Au détour d’une conversation, Paris.
“Salut mon grand, de quoi parle t-on en ce moment en France ? De l’identité nationale. Quand j’étais à l’étranger au 14 juillet j’ai toujours été émue d’entendre la Marseillaise. Va donc savoir pourquoi…”
Message de ma grand-mère, 4 décembre 2009
La sonnerie retentit et je dis “à demain” à mes élèves. Je regarde le tableau blanc : j’ai énormément écrit aujourd’hui. J’ai les mains couvertes de craie. Je commence à effacer toutes les écritures. Mes élèves rangent leurs affaires et rejoignent le flot de filles dans le couloir.
Je regarde derrière moi. Une de mes élèves est toujours là. Elle a découpé un article dans le journal.
“C’est pour vous, Sir.” Il s’agit d’une photo et d’un article en hindi qui raconte les festivités de la veille. On me devine à côté de Madame la proviseur en train de lancer mes cacahouètes dans le feu.
“- Est ce que je peux vous poser une question, Sir ?
– Oui, bien sûr.
– Est ce que votre famille vous manque ? Moi si je devais vivre sans ma famille, je serais très malheureuse.
– Et bien… comment dire… en France la majorité des gens ne vivent pas avec leurs parents. ” Ma famille me manque beaucoup en vrai.
“- Sir, ça ressemble à quoi Paris ?
– Paris est une grande ville très vieille. Les bâtiments historiques comme Notre Dame cotaient les bâtiments haussmanniens qui se ressemblent beaucoup autour des grands boulevards et il y a aussi quelques éléments d’architecture moderne…” Quelle description froide. Comment raconter à mon élève ce que j’ai pu vivre dans cette ville. Une de mes amies à Paris a récemment écrit : “Paris est ralenti, je crois qu’elle a un peu le cafard ces derniers temps. Le brouillard et le froid sont constants et y’a pas grand monde dans les rues…”. Je ne sais pas pourquoi je me vois allongé sur les pelouses devant Saint-Eustache en été, puis à la terrasse d’un café en train de boire du rosé. L’UGC Les Halles un jour d’avant-première. La queue de la bibliothèque de Beaubourg, un Vélib garé en bas de Trévise et les packs de panaché à monter au cinquième étage les jours où il fait très chaud. Puis le soir, lorsque le soleil se couche, monter sur le toit pour apercevoir le sacré coeur…

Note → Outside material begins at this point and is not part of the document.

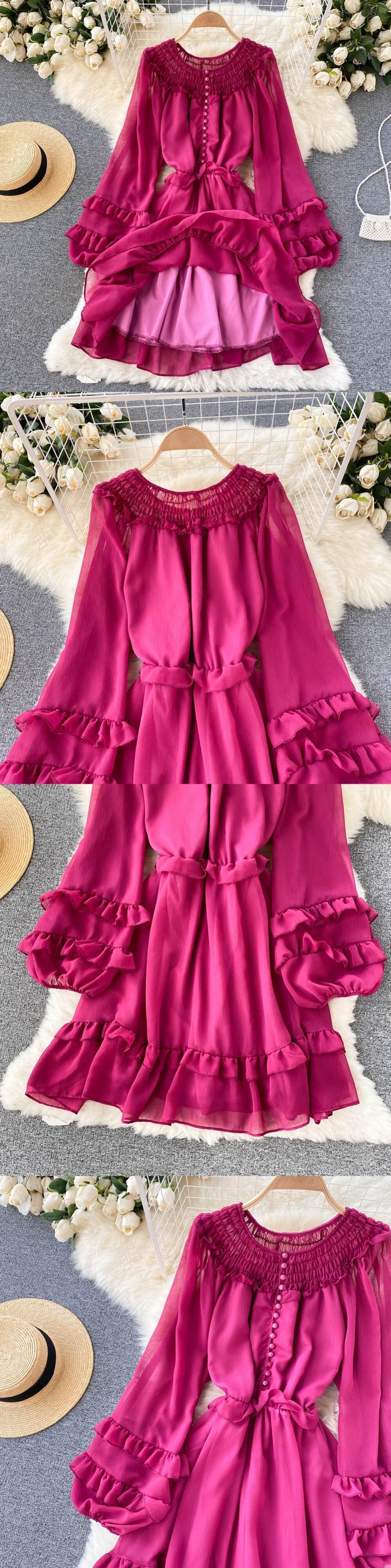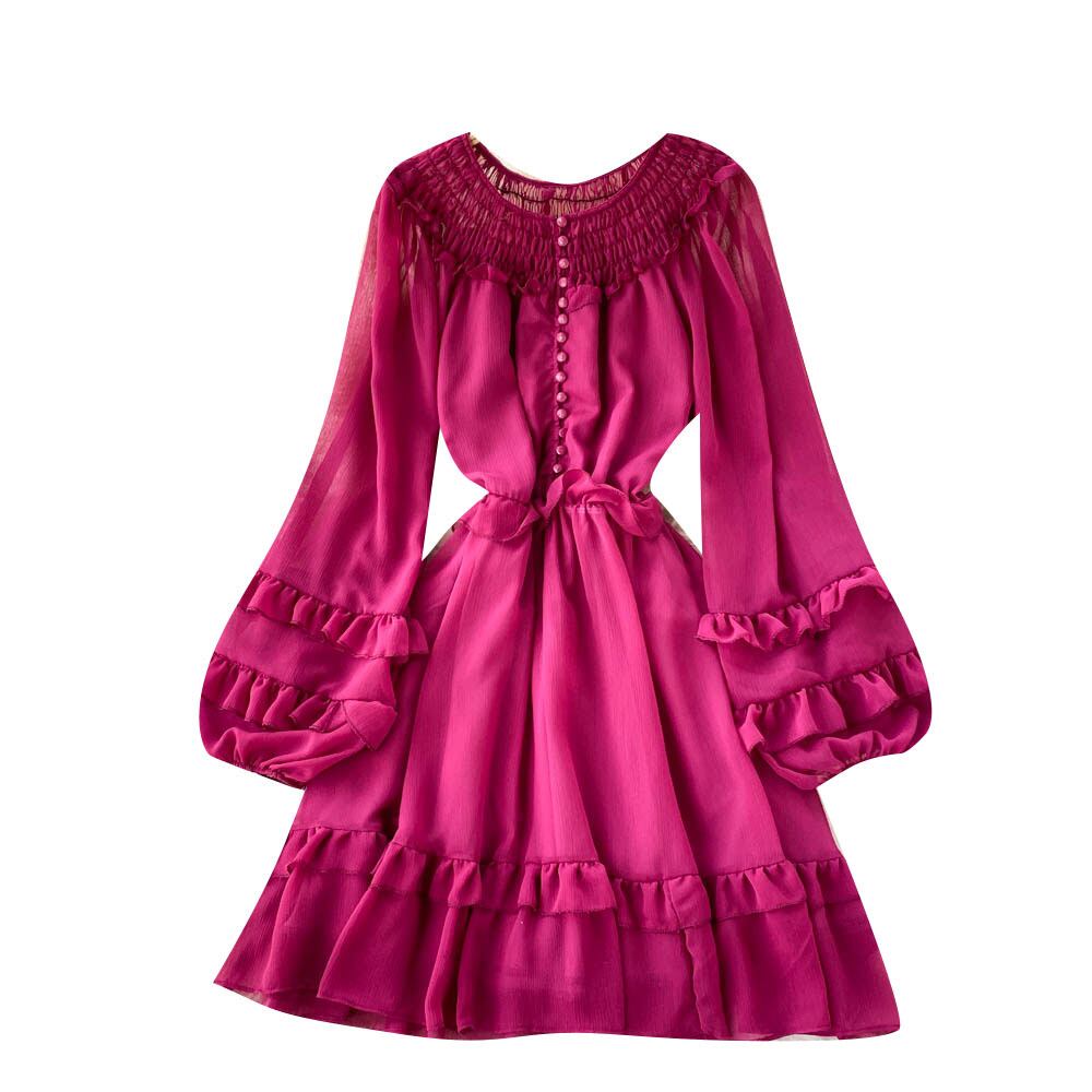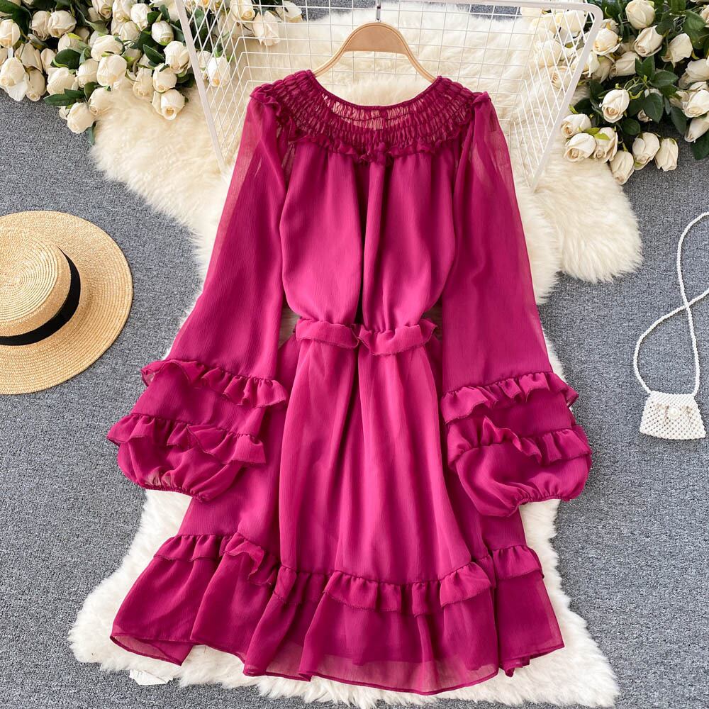 Hepburn style French dress waist slim, sweet temperament, age reduction, super fairy, small, ruffled A-line skirt 大人ガーリー スウィート キュート カジュアル スカート Aライン lyxaj964159842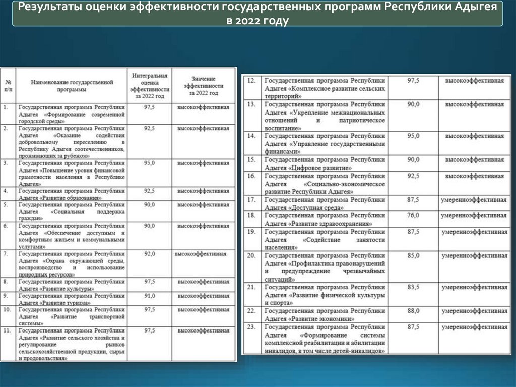 Результаты оценки эффективности государственных программ Республики Адыгеяв 2022 году

“Paris a été fondé autour de l’île de la Cité, là où se trouve la cathéd…”. C’est ce qui manque à ces jeunes filles. Il leur manque une grande ville, un endroit relativement safe où elles puissent oser ce qu’elles veulent et sortir un peu de l’influence de leur famille. Un endroit où elles puissent faire des conneries le samedi soir et revenir à leur quotidien le lundi matin. Une ville où elles puissent voir des gens habillés différemment… bref ces jeunes femmes ont besoin d’un peu de superficialité.
“… mais je vous montrerai des photos.
– Thank you Sir.”
Même si j’essaie de ne pas y penser je sais que la France me manque. Je pense rentrer début avril. Encore quelques journées à passer à rêver d’un demi en terrasse.
Hemingway a écrit dans le roman Moveable Feast (dont j’ai trouvé un vieil exemplaire à la bibliothèque) :“If you are lucky enough to have lived in Paris as a young man, then wherever you go for the rest of your life, it stays with you, for Paris is a moveable feast.”